**** GIVEN RECORDS
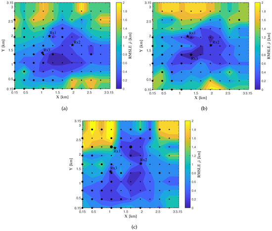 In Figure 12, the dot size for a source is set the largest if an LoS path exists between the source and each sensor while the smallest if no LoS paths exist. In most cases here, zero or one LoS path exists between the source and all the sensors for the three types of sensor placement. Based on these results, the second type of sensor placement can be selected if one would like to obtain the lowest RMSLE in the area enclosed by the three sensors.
********
**** GIVEN RECORDS
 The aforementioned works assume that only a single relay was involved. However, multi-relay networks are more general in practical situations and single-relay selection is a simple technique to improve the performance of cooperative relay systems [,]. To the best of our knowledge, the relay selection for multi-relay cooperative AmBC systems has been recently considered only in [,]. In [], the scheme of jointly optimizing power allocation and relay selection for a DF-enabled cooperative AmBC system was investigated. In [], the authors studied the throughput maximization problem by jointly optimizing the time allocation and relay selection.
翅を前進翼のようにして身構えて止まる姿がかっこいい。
********
Would you print exactly and only the lines of the material above that run from the line with "The aforementioned works" through the line with "翅を前進翼のようにして身構えて止まる姿がかっこいい。", both included?

 The aforementioned works assume that only a single relay was involved. However, multi-relay networks are more general in practical situations and single-relay selection is a simple technique to improve the performance of cooperative relay systems [,]. To the best of our knowledge, the relay selection for multi-relay cooperative AmBC systems has been recently considered only in [,]. In [], the scheme of jointly optimizing power allocation and relay selection for a DF-enabled cooperative AmBC system was investigated. In [], the authors studied the throughput maximization problem by jointly optimizing the time allocation and relay selection.
翅を前進翼のようにして身構えて止まる姿がかっこいい。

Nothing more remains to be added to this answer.